§ **Exercise prompt**:
In this data, count the lines in which "kleine" appears and give only that number.

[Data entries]
=== Begin Enclosure ===

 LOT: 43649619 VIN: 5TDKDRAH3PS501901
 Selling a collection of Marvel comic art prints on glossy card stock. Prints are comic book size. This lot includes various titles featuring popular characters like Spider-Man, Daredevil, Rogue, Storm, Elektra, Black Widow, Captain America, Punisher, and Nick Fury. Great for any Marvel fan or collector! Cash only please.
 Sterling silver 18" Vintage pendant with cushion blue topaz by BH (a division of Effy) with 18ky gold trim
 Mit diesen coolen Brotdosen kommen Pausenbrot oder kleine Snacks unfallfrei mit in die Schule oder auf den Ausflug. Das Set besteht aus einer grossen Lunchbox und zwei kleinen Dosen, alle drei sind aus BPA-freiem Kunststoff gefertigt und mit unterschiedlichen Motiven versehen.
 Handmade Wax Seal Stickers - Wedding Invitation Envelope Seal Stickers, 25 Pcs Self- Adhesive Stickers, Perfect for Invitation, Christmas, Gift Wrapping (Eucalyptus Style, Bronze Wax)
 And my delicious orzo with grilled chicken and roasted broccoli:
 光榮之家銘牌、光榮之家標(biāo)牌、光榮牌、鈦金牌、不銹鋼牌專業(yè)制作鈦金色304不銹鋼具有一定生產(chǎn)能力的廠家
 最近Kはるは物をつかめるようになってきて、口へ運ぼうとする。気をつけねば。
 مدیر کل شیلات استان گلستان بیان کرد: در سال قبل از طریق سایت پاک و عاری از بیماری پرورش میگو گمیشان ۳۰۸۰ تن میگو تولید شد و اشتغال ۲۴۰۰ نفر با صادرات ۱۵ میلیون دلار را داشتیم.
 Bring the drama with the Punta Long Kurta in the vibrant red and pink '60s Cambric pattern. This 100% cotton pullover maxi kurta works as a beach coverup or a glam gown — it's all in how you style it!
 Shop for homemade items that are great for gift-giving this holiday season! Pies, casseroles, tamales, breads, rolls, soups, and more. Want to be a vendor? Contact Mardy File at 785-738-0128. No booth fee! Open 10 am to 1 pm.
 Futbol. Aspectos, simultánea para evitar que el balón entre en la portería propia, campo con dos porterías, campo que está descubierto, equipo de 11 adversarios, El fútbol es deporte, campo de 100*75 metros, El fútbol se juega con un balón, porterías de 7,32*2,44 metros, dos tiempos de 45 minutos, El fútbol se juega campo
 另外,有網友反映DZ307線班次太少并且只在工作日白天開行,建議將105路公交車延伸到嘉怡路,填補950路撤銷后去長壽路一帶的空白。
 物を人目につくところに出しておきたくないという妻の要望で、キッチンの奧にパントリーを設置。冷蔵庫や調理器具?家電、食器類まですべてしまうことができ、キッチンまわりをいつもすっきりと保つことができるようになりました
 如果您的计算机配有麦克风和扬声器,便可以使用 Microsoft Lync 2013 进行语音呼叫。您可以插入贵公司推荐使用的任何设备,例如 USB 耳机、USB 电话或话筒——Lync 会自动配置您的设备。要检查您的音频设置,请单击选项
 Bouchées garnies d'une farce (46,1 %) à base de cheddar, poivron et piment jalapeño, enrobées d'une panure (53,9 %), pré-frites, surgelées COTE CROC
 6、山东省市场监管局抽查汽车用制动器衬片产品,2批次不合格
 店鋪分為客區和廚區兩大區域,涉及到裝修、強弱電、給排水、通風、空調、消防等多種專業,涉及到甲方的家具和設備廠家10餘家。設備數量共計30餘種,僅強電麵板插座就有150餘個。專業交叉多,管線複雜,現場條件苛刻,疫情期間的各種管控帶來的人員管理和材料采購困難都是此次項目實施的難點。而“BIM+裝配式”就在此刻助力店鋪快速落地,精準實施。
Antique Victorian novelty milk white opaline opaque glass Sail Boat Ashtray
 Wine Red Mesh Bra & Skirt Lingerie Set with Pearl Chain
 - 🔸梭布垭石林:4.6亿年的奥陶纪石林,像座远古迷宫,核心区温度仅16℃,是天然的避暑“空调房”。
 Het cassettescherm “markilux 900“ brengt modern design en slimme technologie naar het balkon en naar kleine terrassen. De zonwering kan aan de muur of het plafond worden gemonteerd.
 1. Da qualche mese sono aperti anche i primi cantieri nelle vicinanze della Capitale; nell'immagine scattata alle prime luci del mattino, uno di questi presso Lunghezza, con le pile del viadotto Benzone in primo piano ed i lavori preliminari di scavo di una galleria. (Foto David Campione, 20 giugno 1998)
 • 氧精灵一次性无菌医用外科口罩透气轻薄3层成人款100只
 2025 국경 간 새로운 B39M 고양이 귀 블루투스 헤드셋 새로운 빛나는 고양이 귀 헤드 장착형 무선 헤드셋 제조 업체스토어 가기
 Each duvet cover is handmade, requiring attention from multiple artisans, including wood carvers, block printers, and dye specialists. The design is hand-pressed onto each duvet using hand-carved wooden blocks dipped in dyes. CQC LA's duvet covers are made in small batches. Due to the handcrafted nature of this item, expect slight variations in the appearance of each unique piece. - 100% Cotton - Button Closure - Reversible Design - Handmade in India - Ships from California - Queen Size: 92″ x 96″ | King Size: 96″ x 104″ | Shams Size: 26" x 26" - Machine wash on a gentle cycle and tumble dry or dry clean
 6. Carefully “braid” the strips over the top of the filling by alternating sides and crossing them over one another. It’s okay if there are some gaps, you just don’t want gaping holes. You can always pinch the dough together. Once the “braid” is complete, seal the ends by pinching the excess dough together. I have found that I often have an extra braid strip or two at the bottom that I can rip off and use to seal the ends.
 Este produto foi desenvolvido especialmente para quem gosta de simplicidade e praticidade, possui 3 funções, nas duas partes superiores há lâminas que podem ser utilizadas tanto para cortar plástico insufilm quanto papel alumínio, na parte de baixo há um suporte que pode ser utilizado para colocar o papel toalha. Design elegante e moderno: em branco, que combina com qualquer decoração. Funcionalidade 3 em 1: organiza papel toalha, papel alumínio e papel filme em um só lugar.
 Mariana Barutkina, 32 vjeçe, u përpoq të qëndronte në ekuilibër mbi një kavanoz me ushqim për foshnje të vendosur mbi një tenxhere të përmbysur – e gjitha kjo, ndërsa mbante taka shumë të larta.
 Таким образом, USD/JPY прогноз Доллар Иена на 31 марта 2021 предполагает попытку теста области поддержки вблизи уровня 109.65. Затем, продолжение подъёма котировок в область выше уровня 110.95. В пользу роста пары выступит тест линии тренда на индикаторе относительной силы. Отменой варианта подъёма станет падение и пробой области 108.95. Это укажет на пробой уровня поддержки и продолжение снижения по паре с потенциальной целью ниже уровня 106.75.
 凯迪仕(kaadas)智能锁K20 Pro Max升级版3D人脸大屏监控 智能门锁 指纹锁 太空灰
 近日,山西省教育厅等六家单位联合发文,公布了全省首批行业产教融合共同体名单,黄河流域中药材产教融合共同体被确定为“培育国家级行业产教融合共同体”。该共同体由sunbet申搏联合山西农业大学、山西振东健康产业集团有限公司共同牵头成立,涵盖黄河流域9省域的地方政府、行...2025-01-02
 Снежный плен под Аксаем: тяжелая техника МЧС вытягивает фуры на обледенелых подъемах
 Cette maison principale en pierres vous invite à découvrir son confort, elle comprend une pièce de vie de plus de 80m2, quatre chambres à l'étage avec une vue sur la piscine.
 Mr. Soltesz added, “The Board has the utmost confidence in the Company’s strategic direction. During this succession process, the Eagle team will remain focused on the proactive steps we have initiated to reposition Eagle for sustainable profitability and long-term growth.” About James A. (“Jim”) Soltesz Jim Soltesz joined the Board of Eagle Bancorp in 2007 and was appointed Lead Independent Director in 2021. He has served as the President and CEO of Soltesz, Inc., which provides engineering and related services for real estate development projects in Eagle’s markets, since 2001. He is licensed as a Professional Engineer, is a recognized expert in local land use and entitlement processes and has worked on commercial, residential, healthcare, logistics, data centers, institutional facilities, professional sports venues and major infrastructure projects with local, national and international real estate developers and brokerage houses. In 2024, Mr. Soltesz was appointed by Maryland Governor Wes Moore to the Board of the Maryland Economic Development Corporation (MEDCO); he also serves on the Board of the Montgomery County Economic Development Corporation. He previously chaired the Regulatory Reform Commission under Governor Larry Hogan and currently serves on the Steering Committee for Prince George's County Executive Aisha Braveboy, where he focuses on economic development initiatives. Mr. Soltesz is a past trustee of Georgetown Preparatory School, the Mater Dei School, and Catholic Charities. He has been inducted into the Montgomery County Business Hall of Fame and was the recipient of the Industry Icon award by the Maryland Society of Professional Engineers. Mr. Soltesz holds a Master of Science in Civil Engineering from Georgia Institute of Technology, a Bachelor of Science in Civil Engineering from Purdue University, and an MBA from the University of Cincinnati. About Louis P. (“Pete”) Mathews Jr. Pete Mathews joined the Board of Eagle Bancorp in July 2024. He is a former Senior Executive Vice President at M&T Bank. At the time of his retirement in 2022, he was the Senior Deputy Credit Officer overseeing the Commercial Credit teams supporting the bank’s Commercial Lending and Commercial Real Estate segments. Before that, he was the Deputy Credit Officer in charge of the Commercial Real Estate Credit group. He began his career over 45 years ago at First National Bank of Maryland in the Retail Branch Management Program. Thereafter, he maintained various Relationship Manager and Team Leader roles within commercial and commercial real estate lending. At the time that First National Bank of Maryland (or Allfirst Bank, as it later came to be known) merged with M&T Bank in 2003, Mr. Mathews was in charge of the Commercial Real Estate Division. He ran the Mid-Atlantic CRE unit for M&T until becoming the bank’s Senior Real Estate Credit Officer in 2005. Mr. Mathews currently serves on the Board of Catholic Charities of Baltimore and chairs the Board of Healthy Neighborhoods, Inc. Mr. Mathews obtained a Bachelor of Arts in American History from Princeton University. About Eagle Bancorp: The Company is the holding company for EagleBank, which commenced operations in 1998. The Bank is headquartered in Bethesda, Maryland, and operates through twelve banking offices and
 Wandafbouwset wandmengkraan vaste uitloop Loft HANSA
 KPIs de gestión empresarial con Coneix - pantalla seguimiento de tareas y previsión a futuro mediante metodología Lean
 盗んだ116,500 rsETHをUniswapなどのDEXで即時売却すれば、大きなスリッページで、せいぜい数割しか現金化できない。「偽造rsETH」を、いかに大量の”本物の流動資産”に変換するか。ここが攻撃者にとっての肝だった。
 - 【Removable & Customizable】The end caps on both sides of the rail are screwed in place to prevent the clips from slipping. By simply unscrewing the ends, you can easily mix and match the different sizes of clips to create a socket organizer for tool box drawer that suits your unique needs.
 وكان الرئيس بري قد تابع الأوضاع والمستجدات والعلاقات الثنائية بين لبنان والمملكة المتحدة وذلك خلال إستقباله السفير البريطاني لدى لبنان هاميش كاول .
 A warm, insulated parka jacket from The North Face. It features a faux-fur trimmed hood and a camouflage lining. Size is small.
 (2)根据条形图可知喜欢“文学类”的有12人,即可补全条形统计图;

=== End Enclosure ===

§ **Solution to the problem**:
2